对就是对,错就是错,就算明知对方是大灰狼,可还是忍不住跳进大灰狼布下的陷阱里,只因为不忍看到对方故意泄露出的受伤情绪。 可以肆无忌惮地发泄着自己的喜怒哀乐,毫无底线原则地索取大人们的情感馈赠。 终于有一天,喜欢跳皮筋玩过家家的我们如愿长大了。 却发现,自己不知道已经多久没有好好哭过和笑过了。 生活中好像再没有能轻易挑起我们情绪波动的事情。 也曾期盼一段快意恩仇的友情,日夜幻想有一出万段坎坷却轰烈的爱情。 只可惜,长大后的我们,对欲望的表现直接而赤裸。 想要被爱,却总想着等对方主动付出再作出回报,总以为这样会显得矜持与娇贵。 当有天,突然发现敌不动我不动的策略行不通时,也尝试着主动出击,可最后的结局是十次里有八次会让自己反噬受伤。 自以为倾心相待的朋友也会眼睁睁看着自己被骗而沉默不语,也会有天因为羡慕自己所拥有的物质乃至伴侣,而由羡慕变得妒忌,最后抢夺自己的一切而张扬狂妄。 后来的后来,我们的内心自动形成了一道自我保护的屏障,就像小时候打的小霸王游戏一样,忍者神龟每经历一次受伤就会少一次血,即使死后可以复活可原先的技能也跟着消失。 最后,我们终于过五关斩六将,砍死了大boss升级了装备,成为自带多项技能特效的强大角色。 就像我们一步步长大,慢慢收敛起那点小任性和孩子气,越长大越老成,在伤害中破茧,成蝶。 只是最后我们翩翩起舞的时候,却惊觉,万丈高空里我们还是孤独一个人,脱离了尘埃表面的污垢,却依然饱受太阳光强烈的刺晒。 04
我们在职场里,在生活里,在亲人面前,在陌生人面前,将自己全副武装,从强烈的将自己剖析在众人面前到一年都不发一次朋友圈。
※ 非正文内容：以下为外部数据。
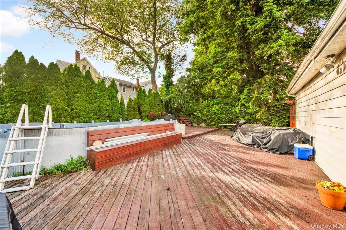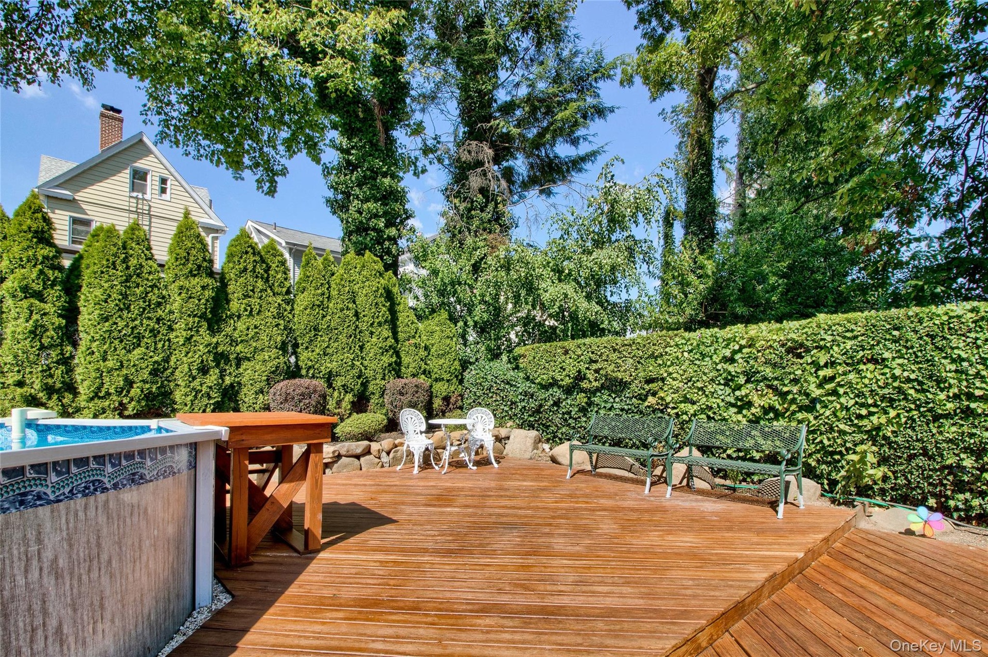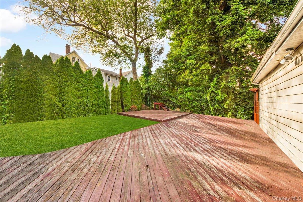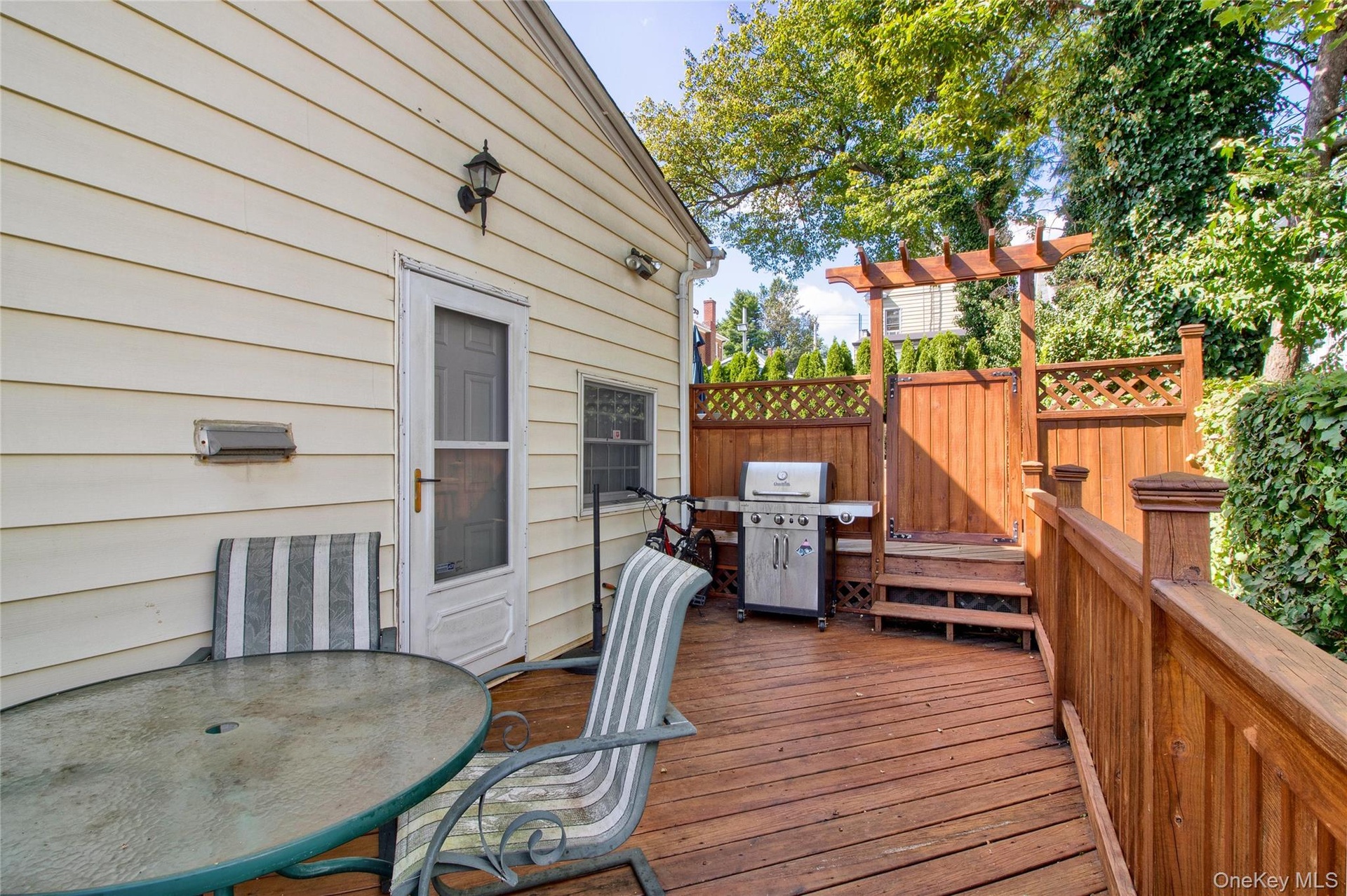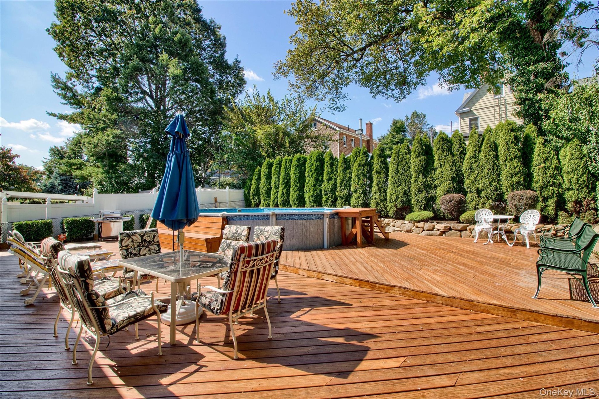 - Wooden terrace with outdoor dining area and a fenced backyard
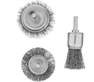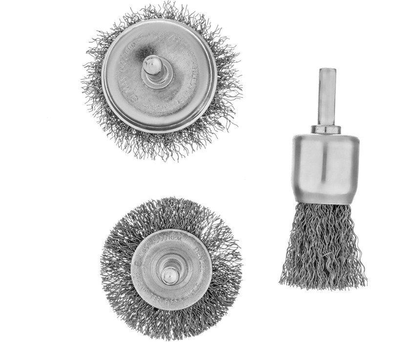 Набор щеток для дрели Denzel 74491 со шпилькой и щетиной из нержавеющей витой проволоки включает в себя 1 плоскую насадку диаметром 50 мм и 2 «Чашки» диаметром 25-50 мм. Набор используется для щадящей обработки твердых поверхностей: металла, стали (в том числе нержавеющей), древесины, пластика, позволяет удалять старые лакокрасочные покрытия, ржавчину и загрязнения. Щетки в форме чашки оптимальны для обработки плоских поверхностей большой площади, плоская насадка удобна для зачистки пазов, изгибов и углов. Преимущества Высокое качество обработки — частицы щетины из нержавеющей стали AISI 201 не вызывают микрокоррозии очищаемых поверхностей. Устойчивость к коррозии — насадки можно использовать в условиях повышенной влажности. Надежность — каждая щетка имеет усиленный корпус, выдерживающий повышенные нагрузки. Долговечность — щетина из витой проволоки сохраняет форму даже при интенсивной эксплуатации. Быстрая подготовка к работе — щетки имеют хвостовик диаметром 6 мм для установки в патрон дрели. Удобная упаковка — набор поставляется в двойном блистере, позволяющем осмотреть его перед покупкой.
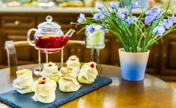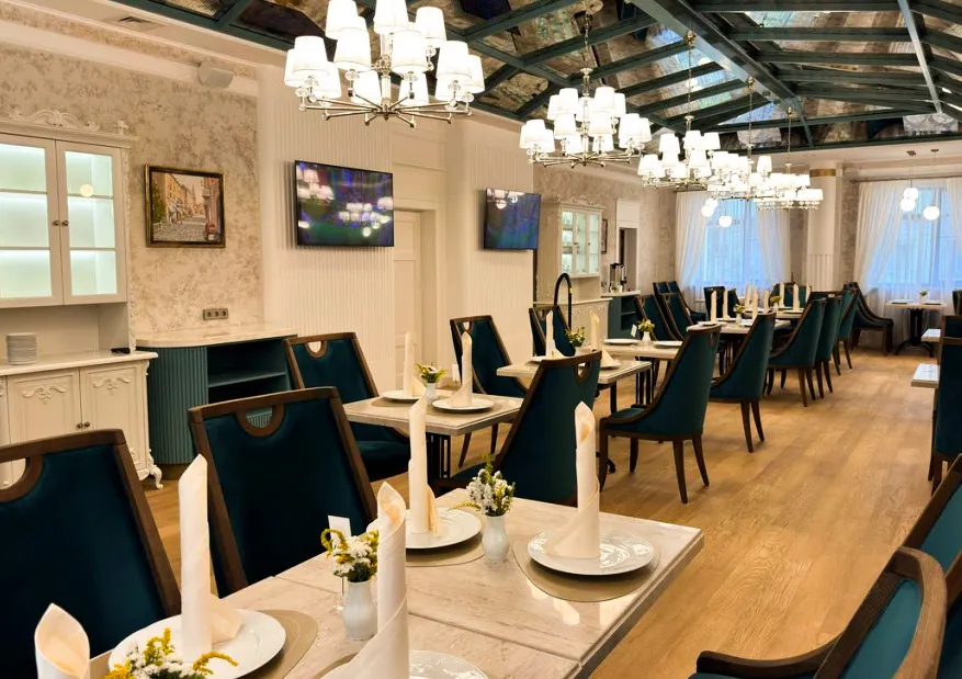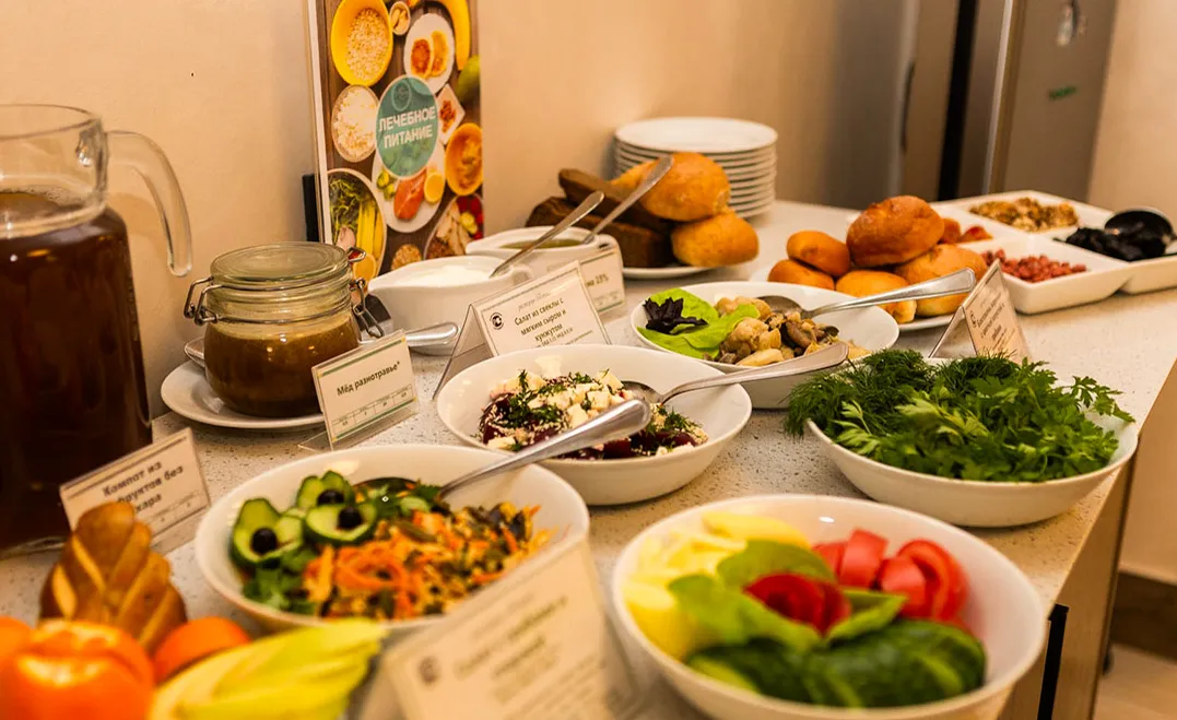 • Питание в четырех форматах. В обеденных залах действуют системы «шведский стол» и «заказное меню». Также в рационе присутствуют диетические и детские блюда с дополнительными полдниками. Питание 3-разовое с 2-часовыми трапезами. На территории санатория работают лобби-бар и фито-бутик.
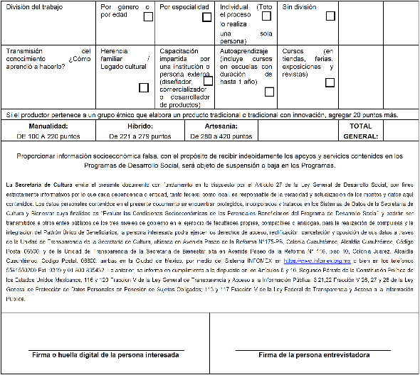 | Nombre completo y firma de la persona artesana | | Nombre completo y firma (de la persona Servidor Público) |
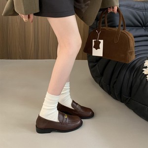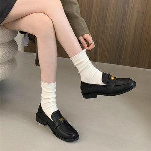 韩版金币小皮鞋女英伦风法式复古圆头通勤休闲一脚蹬粗跟乐福鞋子
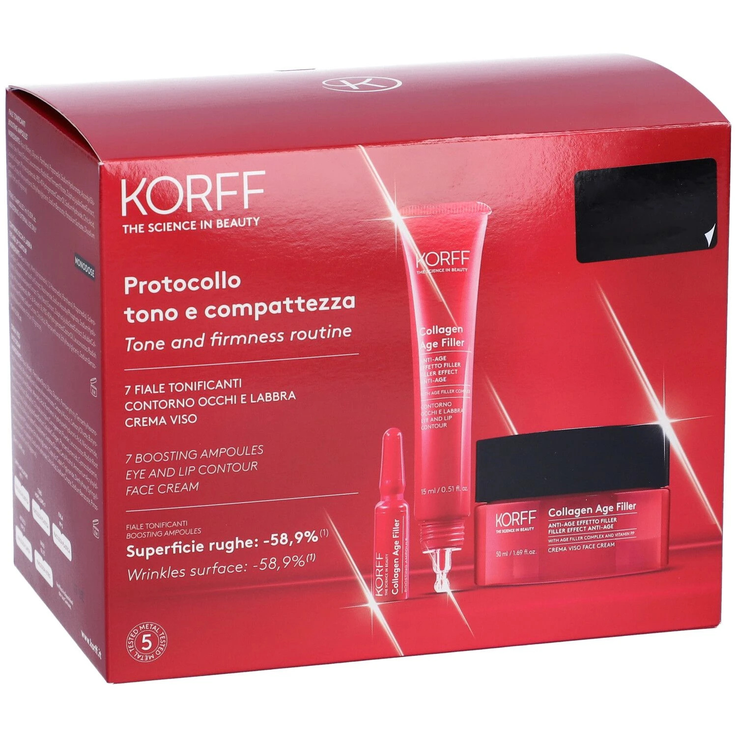 KORFF Protocollo Tono E Compattezza – 7 Fiale Tonificanti + Contorno Occhi E Labbra + Crema Viso
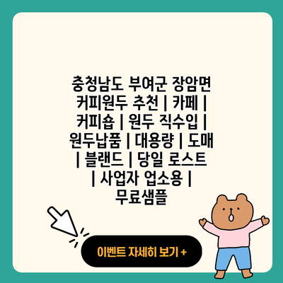 부여군 장암면 주변에서 원두 납품과 도매를 전문으로 하는 업체들이 있습니다. 이들은 대용량 구매가 가능하며, 사업자 대상으로 저렴한 가격에 원두를 제공합니다.
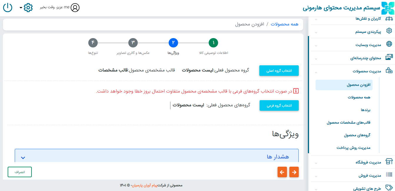 نکته: برای انتخاب گروه اصلی و فرعی ابتدا باید در بخش گروه محصولات ، گروه ها را تعریف کنید.
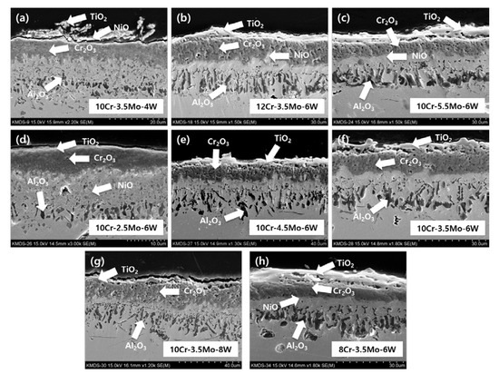 Cross-sectional image of (a) 10Cr–3.5Mo–4W, (b) 12Cr–3.5Mo–6W, (c) 10Cr–5.5Mo–6W, (d) 10Cr–2.5Mo–6W, (e) 10Cr–4.5Mo–6W, (f) 10Cr–3.5Mo–6W, (g) 10Cr–3.5Mo–8W, (h) 8Cr–3.5Mo–6W alloys oxidized at 1000 °C.
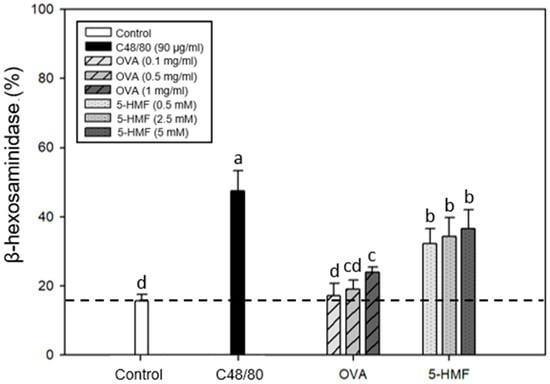 Effects of C48/80, OVA, and 5-HMF treatments on the β-hexosaminidase release of mouse P815 mast cells. Values are means ± SD (n = 6 biological determinations). Bars not sharing a common letter are significantly different (p < 0.05) from each other, analyzed by one-way ANOVA, followed by Duncan’s multiple range test. The original cell density was 1 × 105 cells/mL. C48/80, compound 48/80; OVA, ovalbumin; 5-HMF, 5-hydroxymethyl-2-furaldehyde.
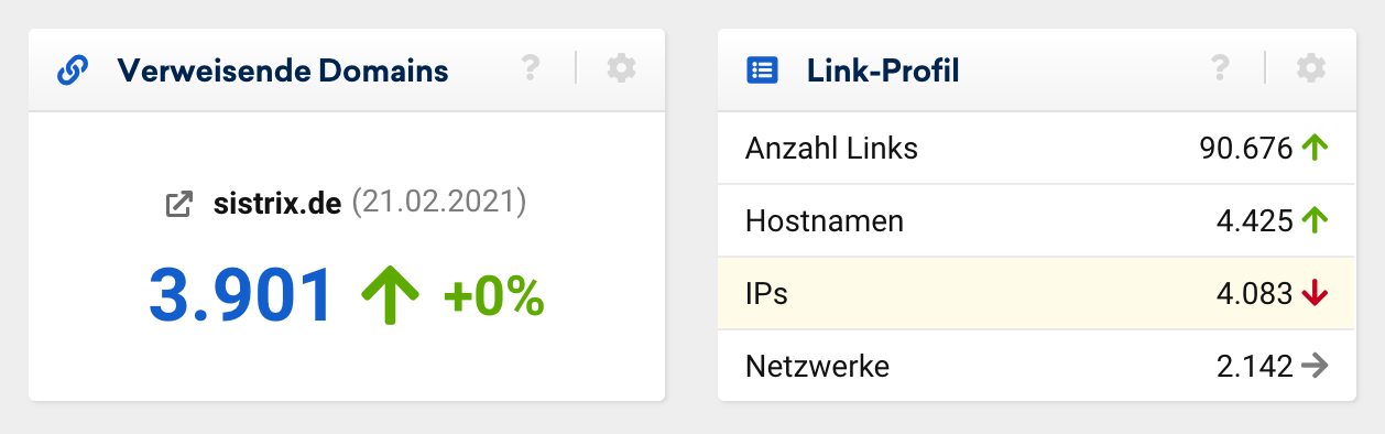 Anzahl verlinkender Domains – mein erster Blick geht auf die reine Anzahl der unterschiedlichen, verlinkenden Domains. Zwar lässt sich diese Kennzahl manipulieren, das ist aber deutlich schwieriger als die reine Linkanzahl. Auch sehe ich so, in welcher “Gewichtsklasse” die Domain unterwegs ist: hat sie nur wenige Links oder reden wir von vielen tausend, unterschiedlichen Links. (10 Sekunden)
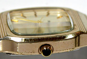 カットガラスが特徴のデザイン。裏蓋は”はめ込みタイプ”
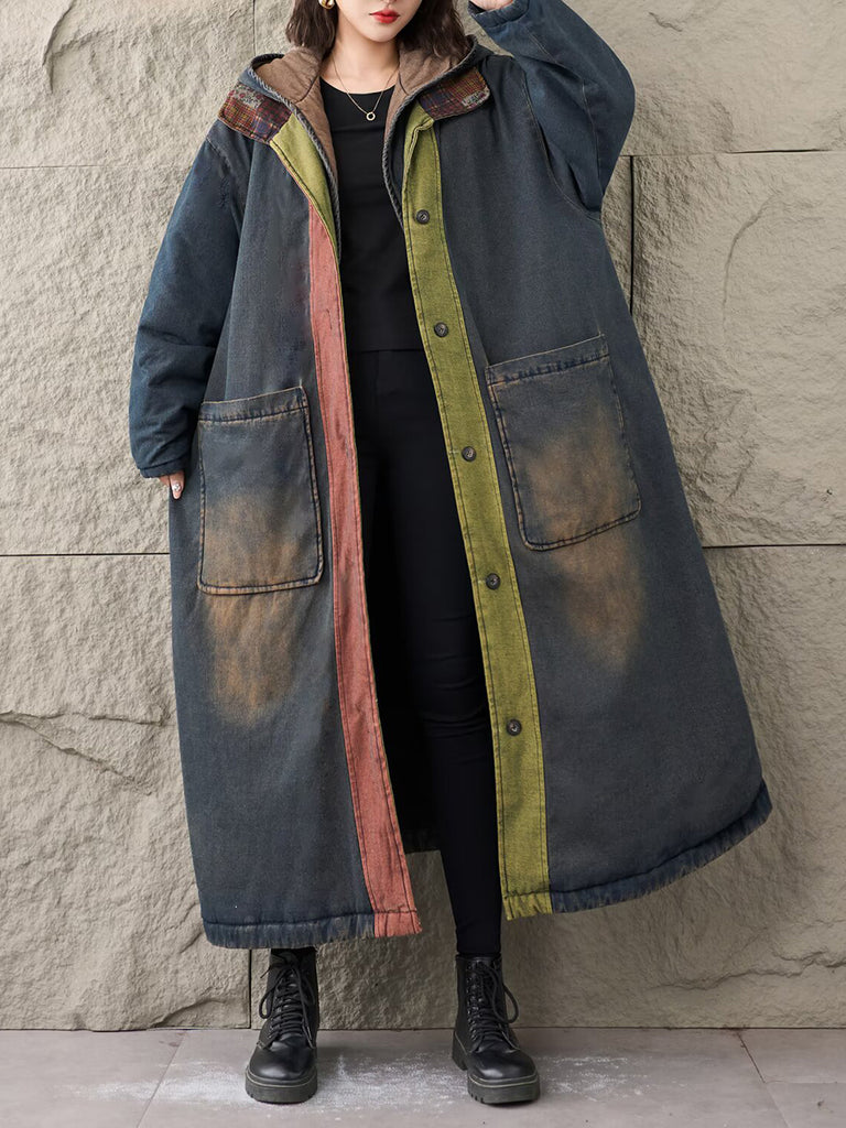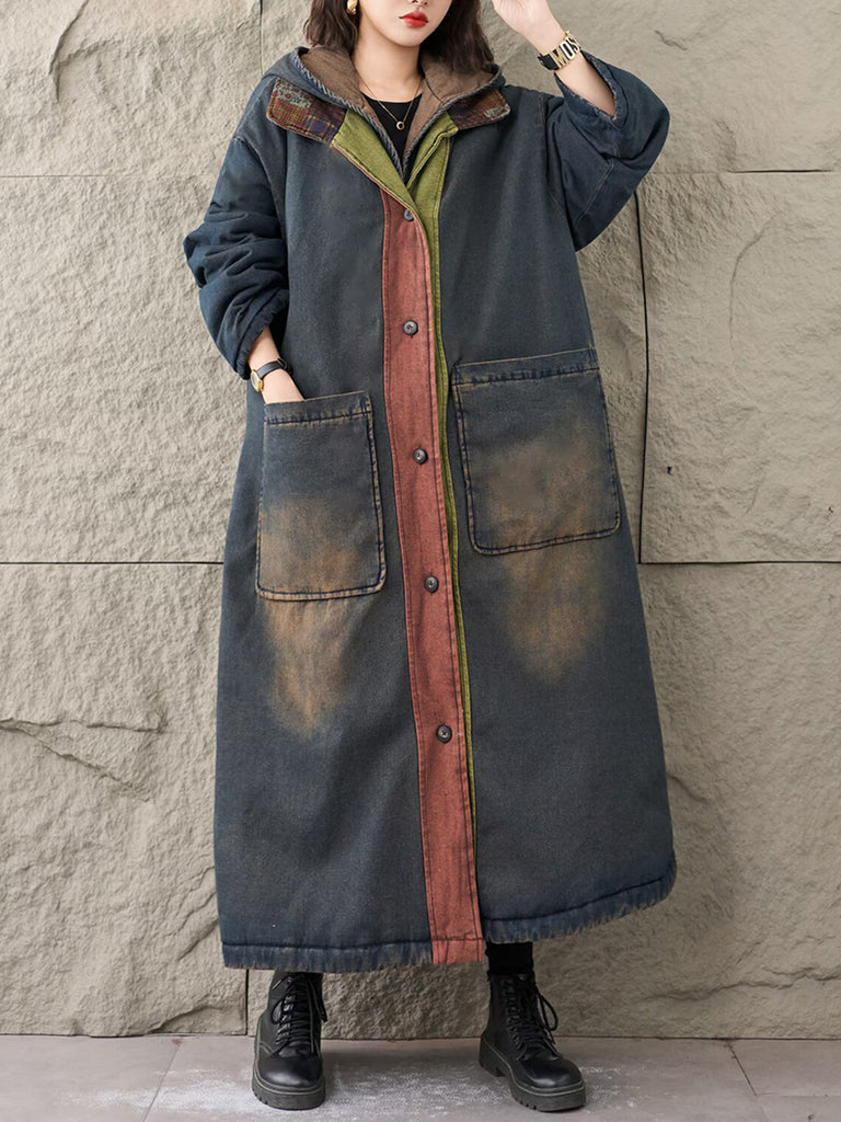 Dame Vintage Spliced Denim Hettegenser Polstret Kåpe

以前有多想别人关注自己,现在就有多怕别人看透自己。 内心敏感而脆弱,看似百炼成钢,其实内里就像清宫手术后的器官,看着还能孕育生命功能俱全,可是早已千疮百孔徒有其表。 越来越频繁地,我们能感知幸福感的瞬间越来越少。 再不轻易敞开心扉接纳他人,对一切陌生的事物充满防备,明明才二十出头,正是该昂扬肆意的时候,却暮霭沉沉,如走向衰败的老者。 我们承担了太多人的期盼,而欲戴王冠必承其重。 尽管这王冠有时候并不是自己的意愿,但人是群居动物,注定命里要为他人而活,顾及他人感受多于自己。 于是我们长大后,自以为三观发育得足够健康而完整,却一次又一次被打破固有观念,重塑再打破再重塑,似机器般不知疲倦循环反复。 直到最后,才发现这世界哪有什么所谓的正道良俗,道德三观,唯剩下支离破粹却苦苦支撑着的世俗观念罢了。 就像妈妈说你长大了要成家了,于是你便从禁止早恋的十八年桎梏里一下子跳到恋爱成家的阶段,你不免彷徨过怀疑过。 但寻找真理与道德对错的道路太苦了,越向下深究越发现真相是那么残忍而不如人意。 于是,我们学会了生存的最大技能:冷漠。 看对眼了了就谈恋爱,厌倦了就分手,不舍了就哀求,有欲望就疏解,从来没时间顾及尊严与自重,只想让那些恼人的让自己不舒服的情绪尽快挥散。 直到突然有天,我们发现好像只要手里有足够的钱财,就能满足大多时候的欲望,于是我们日夜劳作向钱看齐。 而外界也在认同着这种价值观,有钱能使鬼推磨,宰相也得为五斗米折腰…… 可是,我们又发现,钱也很难挣,想释放自己的欲望得靠财富,而获得财富的第一步却是要压抑欲望压制本性。 看着把自己当机器压榨的老板,你心里mmp脸上却笑嘻嘻,面对两面三刀的同事,你心里咒骂却面上和善。 因为太多人告诉我们,做人留一线日后好相见。 其实,大多时候我们宁愿两不相见,可我们又没有勇气去试探前人留下来的所谓真理。 于是我们变得内心扭曲面容丑陋而不自知,再不轻易为路边断手断脚的乞丐停驻一眼目光,不再轻易代入仗剑走天涯的侠客世界,看懂了灰姑娘不可能嫁给霸道总裁。 因为龙生龙凤生凤,老鼠生的崽注定只能打地洞。 05
前十八年里所有人都在保护你的情绪加速你的成长,可后十八年只要你肆意宣泄情绪便会遭到所有的人反感、排斥、厌恶,唯独没有保护。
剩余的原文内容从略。